But what exactly is the solar supply chain? Who are its players? And, most importantly, what will it look like in 2023 and beyond?

pv panel manufacturer

Who is involved in the solar supply chain?

The solar supply chain is made up of a number of different players. This ranges from manufacturers, installers, and financiers, to maintenance crews, technology integrators, and regulatory agencies. Each of these players contributes to the overall workings of the supply chain in their own way.

  • Manufacturers are responsible for producing the solar panels, parts, and components that make up the entire system. Installers, on the other, hand play an essential role in connecting all of these pieces together.

  • Financiers provide capital for businesses looking to purchase or build new solar systems and maintenance teams ensure that any issues with the system are dealt with promptly.

  • Technology integrators then consult on how best to integrate a solar system into an existing network, and finally, regulatory agencies oversee all aspects of solar development, installation, and maintenance to ensure it meets the necessary safety standards.

China’s place in the global solar supply chain

The Chinese solar energy industry is a major player in the global solar supply chain. In fact, as home to the top five companies across each step of the value chain, China produces nearly 95% of all solar wafers.

Initially, it was European countries that led the charge in the solar value chain, but today China dominates the sector, having increased its capacity from zero to over 300 GW in 15 years.
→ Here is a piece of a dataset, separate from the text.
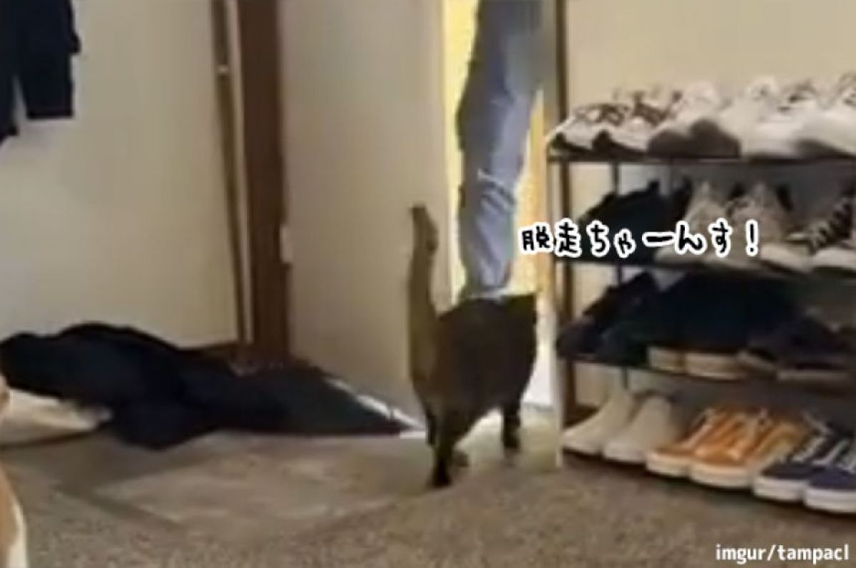 玄関のドアを開ける時に、猫が脱走をしようと待ち構えているのは猫飼いにはおなじみのアルアルだ。私も何度同じ目にあったことか。 もちろんすべての猫がそうというわけではないが、特にオス猫に多い気がする脱走チャンスの瞬間だが、この家の男性は、見事それを阻止することに成功したようだ。 買い物帰りで両手がふさがっていても、うまくいけばこの方法も使えるかもしれない。 続きを読む… ▼あわせて読みたい ・「本当に心配したんだから!」トルコの居候猫PJ、庭から一度脱走し、その後自力で帰還を果たす ・脱走した子猫にお説教をし、家に連れ帰る猫かあさん ・5つのドアを開け、目的の地にたどり着いた猫のミッションインポッシブル ・ケージ破りの異名を持つ、脱走の達猫のミッションインポッシブル ・おまえら全員逃がしてやる。特殊スキルを持つ保護施設の猫、仲間を脱走させた罪で独房に監禁される(アメリカ) この記事のカテゴリ:動物・鳥類 / 動画 Source: カラパイア 投稿ナビゲーション 母「10人目妊娠しました」→女性「産みたくても産めない人が居ます。もう少し配慮を」 かっこいいバンド名で打線組んだ

With large-scale positions and a huge share of market across the entire value chain, China currently controls both manufacturing at scale and the rolling out of new technologies.


The challenge of China's monopoly

The challenge with Chinese companies dominating the solar value chain is that they essentially have a monopoly on the market. Specialized companies throughout China have the ability to deliver a wide variety of materials that are crucial in the solar supply chain. As a result, this solar production hub has driven the price of renewable energy technology down in multiple markets.

In fact, since 2010 the levelized cost of energy (LCOE) has decreased by 80%. Considering that LCOE is essentially the lifetime cost of solar PV, including both operating and capital expenditure, this has a significant impact on the global solar supply chain. For other markets, such as Europe, this drop in costs can be beneficial, but it also creates a reliance on the Chinese supply chain.

This is where the challenge comes in and is exacerbated by the Ukraine conflict and the production of polysilicon, a key raw material in the solar PV supply chain. The conflict taking place in Ukraine has unearthed a big risk that Europe faces as it relies on imports for critical energy. Then, when it comes to the production of polysilicon, labor concerns have added extra distress to the European market due to human rights issues as well as ESG-related matters.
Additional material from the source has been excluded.